Tidewell’s pet therapy volunteers are specially trained in pet visitations. After undergoing hospice volunteer training, they attend pet therapy orientation and pet evaluation. Pets are evaluated for their temperament and owners are evaluated for their ability to control their animals. All Tidewell pet therapy dogs are certified and insured by Bright and Beautiful Therapy Dogs, Inc.
Currently, more than 100 pets make scheduled visits to the Hospice Houses, nursing homes and patient residences.
Since 2001, Tidewell’s clowns have been officially recognized as an official clown alley by “Clowns of America International.” It remains the only hospice-affiliated clown alley in the U.S.
Boasting 17 active volunteers, Tidewell clowns are very busy. In addition to hospice volunteer training, they receive 18 hours of clown basics — costuming, makeup and specific aspects of hospice clowning. They meet monthly to discuss upcoming events and schedule educational events to keep their skills fresh. They regularly visit area nursing homes and assisted-living facilities, and anywhere their presence is requested. They are a favorite for community events, giving Tidewell a positive way to present its many offerings to the public.

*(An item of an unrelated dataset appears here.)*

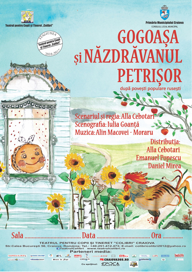 Weekendul continuă cu spectacolul „Gogoașa și Năzdrăvanul Petrișor”, o adaptare plină de farmec după povești populare rusești.

Therapeutic massage is known for its contribution to pain and stress management and for evoking an overall relaxation response. Pain control is often a primary concern for individuals who have progressively debilitating diseases, and massage has proven useful as a therapy for any condition that includes a stress component.

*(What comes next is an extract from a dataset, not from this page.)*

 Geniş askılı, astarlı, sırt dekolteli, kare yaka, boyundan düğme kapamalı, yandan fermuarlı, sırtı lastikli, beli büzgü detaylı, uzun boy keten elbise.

Licensed massage therapists oversee and supervise consultations. Current licenses are mandatory, and education and review of policy for treatments, including contraindications, are on-going.

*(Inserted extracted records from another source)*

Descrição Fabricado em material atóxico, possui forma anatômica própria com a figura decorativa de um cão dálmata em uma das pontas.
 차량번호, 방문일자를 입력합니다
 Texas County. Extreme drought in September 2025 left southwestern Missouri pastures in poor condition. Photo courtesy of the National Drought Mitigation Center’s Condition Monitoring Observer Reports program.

In addition to therapeutic massage delivered by licensed massage therapists, Tidewell also offers Reiki and Caring Touch to patients and families.
Reiki is a holistic method of healing, functioning on physical, mental, emotional and spiritual levels to promote a sense of wholeness and well-being. It is a Japanese technique for stress reduction and relaxation that is administered by “laying on hands,” and channeling the unseen “life force energy.” Reiki I and Reiki II are taught by Reiki Masters on a regular basis to volunteers and staff.
The goal of Caring Touch is to nurture and support clients as partners in their care. It employs slow rhythmic stroking, extremely light holds and circular strokes. The caregivers intuition and intention are stressed in imparting empathy and love. Caring Touch can be performed by volunteers who have been trained by a certified instructor.
Aromatherapy uses essential oils to benefit the mind, body and spirit. The oils may be calming, antiseptic, stimulating or meditative. In the hospice setting, aromatherapy is used for relaxation, restlessness and odor elimination from patient rooms.
Tidewell also uses specially blended lotion, designed to relieve terminal restlessness. This “Tranquility Lotion” contains the essential oils rosewood, myrrh, frankincense, ylang ylang and other essences in a very soothing base. Volunteers are trained to use the Tranquility Lotion, along with Caring Touch, in their vigil workshops.